The SCQA further recommended that the CHE should:

 create a follow-up committee that would examine the changes in the Department of Politics and Government in the wake of the international committee’s report, including the extent of representation of mainstream methodological and theoretical approaches to political science in the material taught by the department” [translated from Hebrew].

The last two recommendations amount to declaring the department guilty until proven innocent as the decision of closure would precede further assessment. It is worth noting that these recommendations reflect Im Tirtzu’s extended campaign against the department, which was assisted by the IZS.

BGU President Rivka Carmi: ‘Astounded’

Understandably, the department and Ben-Gurion University were astounded by these unexpected new recommendations. Following their publication, BGU’s president Prof. Rivka Carmi, the rector and the dean of humanities and social sciences wrote to the BGU community:

we were astounded to find out that the CHE’s Sub-Committee discussed this issue again and published a new recommendation which contradicts that of the international committee” [translated from Hebrew].

Prof.
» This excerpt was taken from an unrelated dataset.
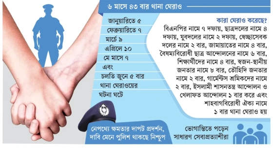 জুনে পাঁচবার থানা ও পুলিশ স্থাপনা ঘেরাও: চলতি মাসের ২৫ জুন পর্যন্ত দেশে অন্তত পাঁচবার থানা ও পুলিশ স্থাপনা ঘেরাওয়ের মতো ঘটনা ঘটেছে। এর মধ্যে গত মঙ্গলবার খুলনা মেট্রোপলিটন পুলিশের (কেএমপি) কার্যালয় ঘেরাওয়ের পর মূল ফটকে তালা ঝুলিয়ে ব্যাপক বিক্ষোভ করেন বিএনপির নেতাকর্মীরা। গত ২০ জুন চাঁদাবাজির একটি মামলায় গ্রেপ্তার হওয়া ইসলামী আন্দোলনের নেতাকে ছাড়িয়ে নিতে চান্দগাঁও থানা ঘেরাও করেন দলটির নেতাকর্মীরা। পরদিন পুলিশ ওই নেতাকে আদালতে না পাঠিয়ে ছেড়ে দিতে বাধ্য হয়। এর আগের দিন নামের ভুলে লালমনিরহাটের হাতীবান্ধা উপজেলা স্বেচ্ছাসেবক দলের নেতা খন্দকার নূরনবী কাজলকে পুলিশ গ্রেপ্তার করলে তাকে ছাড়াতে থানা ঘেরাও করেন সংগঠনটির নেতাকর্মীরা। ঢাকা মহানগর পুলিশের তুরাগ থানায় পদায়ন করা হয়েছিল এস এম শাহাদাত হোসেন নামে এক ইন্সপেক্টরকে। তবে গত ১৭ জুন তার যোগ দেওয়া ঠেকাতে বৈষম্যবিরোধী ছাত্র আন্দোলনের নামে নেতাকর্মীরা থানার গেটে বিক্ষোভ করেন।

Risse, chair of the international evaluation committee wrote (Hebrew) regarding the SCQA’s recommendation that

we were not consulted about items 4 and 5 [to establish another follow-up committee and to prohibit student enrolment]. . . . Does the SCQA recommendation suggest that we have completed our mission, or should we continue?

The university HAS initiated legal action against the CHE while the campaign against the department continues.

How the Israeli right conspired to shut down 'lefty' department at BGU
Rivka Carmi, President of Ben-Gurion University. (photo: Ben Gurion University / CC BY-3.0)

The CHE is scheduled to discuss the SCQA’s recommendations on October 30, 2012. So far, numerous international academic associations (including The American Political Science Association, the leading professional organization for the study of political science, The European Consortium for Political Research, The Association of American Geographers, The American Sociological Association, The Association for Israel Studies, The Middle East Studies Association of North America, and The Canadian Association of University Teachers) voiced their concerns for academic freedom in public statements and letters to the CHE and the Israeli Minister of Education, and so have a number of Israeli academic associations

Israel has fought calls for boycotting Israeli academic institutions by praising its own commitment to academic freedom. However, Israel’s education minister Gideon Saar (ex officio chair of the CHE) recently called for the dismissal [Hebrew] of Professor Neve Gordon, a member of the department, because of Gordon’s op-ed that supported the boycott. Saar’s statement increases the impression that this affair has been politically motivated and has little to do with academic merit. Moreover, if the Israeli Council for Higher Education shuts the department down or alternately fires any of its members, this can only strengthen international calls for severing ties with Israel’s academic establishment.

*The author, who wishes to remain anonymous, is a faculty member in one of Israel’s universities.